→ Exercise directions
In the entries below, find the line with "śniadanie (7.30-10.30), obiad" and the line with "für Durchgangs- und"; give again those lines and every line between them, exactly.

→ Input for this task
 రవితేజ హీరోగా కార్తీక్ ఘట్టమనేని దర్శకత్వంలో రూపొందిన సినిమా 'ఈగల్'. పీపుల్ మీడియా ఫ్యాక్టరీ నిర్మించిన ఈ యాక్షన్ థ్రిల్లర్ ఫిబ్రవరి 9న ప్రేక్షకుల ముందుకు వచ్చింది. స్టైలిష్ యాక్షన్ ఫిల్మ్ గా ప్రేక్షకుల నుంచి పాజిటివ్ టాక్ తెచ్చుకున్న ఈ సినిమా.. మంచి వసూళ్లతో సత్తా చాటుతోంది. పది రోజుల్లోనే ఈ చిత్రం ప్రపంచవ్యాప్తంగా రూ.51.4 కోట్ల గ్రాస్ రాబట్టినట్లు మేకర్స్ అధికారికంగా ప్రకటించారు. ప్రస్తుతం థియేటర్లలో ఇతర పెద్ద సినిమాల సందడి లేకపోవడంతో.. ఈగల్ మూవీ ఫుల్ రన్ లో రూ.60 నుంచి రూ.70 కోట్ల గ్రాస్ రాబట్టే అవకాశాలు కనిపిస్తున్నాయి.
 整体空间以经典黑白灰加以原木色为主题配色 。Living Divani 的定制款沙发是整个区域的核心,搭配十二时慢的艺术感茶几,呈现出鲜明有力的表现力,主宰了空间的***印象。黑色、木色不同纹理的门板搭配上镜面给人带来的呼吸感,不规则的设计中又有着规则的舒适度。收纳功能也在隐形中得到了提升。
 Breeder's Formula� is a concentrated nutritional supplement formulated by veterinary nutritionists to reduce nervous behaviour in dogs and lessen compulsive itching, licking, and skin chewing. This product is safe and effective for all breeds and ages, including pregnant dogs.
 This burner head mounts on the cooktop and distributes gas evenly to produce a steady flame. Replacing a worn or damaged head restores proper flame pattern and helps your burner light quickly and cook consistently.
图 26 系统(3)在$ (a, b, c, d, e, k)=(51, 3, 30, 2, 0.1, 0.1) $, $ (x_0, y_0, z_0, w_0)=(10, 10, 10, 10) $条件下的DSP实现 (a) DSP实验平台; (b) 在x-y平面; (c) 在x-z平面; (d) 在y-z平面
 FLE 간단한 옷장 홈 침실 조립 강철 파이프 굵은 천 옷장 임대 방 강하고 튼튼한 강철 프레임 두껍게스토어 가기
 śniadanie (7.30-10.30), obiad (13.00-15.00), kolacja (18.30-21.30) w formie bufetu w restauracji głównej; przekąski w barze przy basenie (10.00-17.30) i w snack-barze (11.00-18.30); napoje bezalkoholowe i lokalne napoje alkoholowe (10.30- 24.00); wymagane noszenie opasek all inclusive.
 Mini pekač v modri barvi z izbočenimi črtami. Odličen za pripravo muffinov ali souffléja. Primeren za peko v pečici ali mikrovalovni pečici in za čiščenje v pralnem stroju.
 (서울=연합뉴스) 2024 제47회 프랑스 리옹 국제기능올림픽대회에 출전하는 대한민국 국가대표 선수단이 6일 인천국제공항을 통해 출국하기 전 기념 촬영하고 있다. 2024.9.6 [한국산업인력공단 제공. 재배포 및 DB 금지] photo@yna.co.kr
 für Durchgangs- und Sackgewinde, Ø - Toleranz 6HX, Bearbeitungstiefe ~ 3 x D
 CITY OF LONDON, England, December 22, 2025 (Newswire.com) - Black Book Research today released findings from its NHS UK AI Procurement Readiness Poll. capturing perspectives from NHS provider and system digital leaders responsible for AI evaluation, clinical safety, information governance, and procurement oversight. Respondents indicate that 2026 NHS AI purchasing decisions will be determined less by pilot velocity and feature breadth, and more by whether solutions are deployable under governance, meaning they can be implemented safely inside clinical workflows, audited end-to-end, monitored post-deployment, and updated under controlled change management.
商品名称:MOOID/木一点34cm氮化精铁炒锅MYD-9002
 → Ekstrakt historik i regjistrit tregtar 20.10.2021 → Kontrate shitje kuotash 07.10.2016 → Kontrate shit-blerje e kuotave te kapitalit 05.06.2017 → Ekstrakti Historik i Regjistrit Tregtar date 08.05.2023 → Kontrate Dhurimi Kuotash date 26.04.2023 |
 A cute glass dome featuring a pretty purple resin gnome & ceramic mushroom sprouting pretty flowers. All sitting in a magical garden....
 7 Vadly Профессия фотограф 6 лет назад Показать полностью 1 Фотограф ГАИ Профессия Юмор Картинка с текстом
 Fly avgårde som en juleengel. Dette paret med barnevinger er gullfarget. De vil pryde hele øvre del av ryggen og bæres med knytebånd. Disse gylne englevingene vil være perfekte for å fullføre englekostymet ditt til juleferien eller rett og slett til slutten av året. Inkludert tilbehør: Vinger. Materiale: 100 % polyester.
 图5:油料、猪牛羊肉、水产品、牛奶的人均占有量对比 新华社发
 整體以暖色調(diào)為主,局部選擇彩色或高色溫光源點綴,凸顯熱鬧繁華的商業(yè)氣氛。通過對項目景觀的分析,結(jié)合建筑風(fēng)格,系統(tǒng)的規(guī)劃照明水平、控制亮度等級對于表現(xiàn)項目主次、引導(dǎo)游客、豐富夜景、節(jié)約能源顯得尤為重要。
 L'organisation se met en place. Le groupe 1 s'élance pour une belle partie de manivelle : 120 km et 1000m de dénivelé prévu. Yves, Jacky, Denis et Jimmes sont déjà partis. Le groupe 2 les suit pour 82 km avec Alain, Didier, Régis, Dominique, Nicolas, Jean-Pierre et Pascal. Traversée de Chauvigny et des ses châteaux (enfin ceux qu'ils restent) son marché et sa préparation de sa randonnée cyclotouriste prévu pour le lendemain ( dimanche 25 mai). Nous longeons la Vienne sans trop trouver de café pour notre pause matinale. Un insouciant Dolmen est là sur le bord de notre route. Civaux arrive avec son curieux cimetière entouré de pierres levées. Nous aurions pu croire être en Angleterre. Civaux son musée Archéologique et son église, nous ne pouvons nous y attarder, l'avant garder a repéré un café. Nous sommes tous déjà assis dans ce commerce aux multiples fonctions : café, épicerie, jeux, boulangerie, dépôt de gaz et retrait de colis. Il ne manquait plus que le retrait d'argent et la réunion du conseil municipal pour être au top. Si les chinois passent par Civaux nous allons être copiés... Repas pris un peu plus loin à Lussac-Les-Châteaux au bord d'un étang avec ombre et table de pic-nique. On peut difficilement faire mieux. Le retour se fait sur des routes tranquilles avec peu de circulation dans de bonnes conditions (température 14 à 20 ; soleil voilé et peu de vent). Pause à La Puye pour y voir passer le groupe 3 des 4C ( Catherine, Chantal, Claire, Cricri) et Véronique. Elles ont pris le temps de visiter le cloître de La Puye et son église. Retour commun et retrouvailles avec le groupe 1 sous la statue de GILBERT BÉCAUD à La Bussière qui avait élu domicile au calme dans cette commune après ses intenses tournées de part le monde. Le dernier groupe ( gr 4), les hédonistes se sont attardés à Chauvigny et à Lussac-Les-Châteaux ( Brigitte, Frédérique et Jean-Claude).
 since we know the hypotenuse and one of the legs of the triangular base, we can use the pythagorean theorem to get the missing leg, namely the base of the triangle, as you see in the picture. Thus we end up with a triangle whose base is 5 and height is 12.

→ Task result
 śniadanie (7.30-10.30), obiad (13.00-15.00), kolacja (18.30-21.30) w formie bufetu w restauracji głównej; przekąski w barze przy basenie (10.00-17.30) i w snack-barze (11.00-18.30); napoje bezalkoholowe i lokalne napoje alkoholowe (10.30- 24.00); wymagane noszenie opasek all inclusive.
 Mini pekač v modri barvi z izbočenimi črtami. Odličen za pripravo muffinov ali souffléja. Primeren za peko v pečici ali mikrovalovni pečici in za čiščenje v pralnem stroju.
 (서울=연합뉴스) 2024 제47회 프랑스 리옹 국제기능올림픽대회에 출전하는 대한민국 국가대표 선수단이 6일 인천국제공항을 통해 출국하기 전 기념 촬영하고 있다. 2024.9.6 [한국산업인력공단 제공. 재배포 및 DB 금지] photo@yna.co.kr
 für Durchgangs- und Sackgewinde, Ø - Toleranz 6HX, Bearbeitungstiefe ~ 3 x D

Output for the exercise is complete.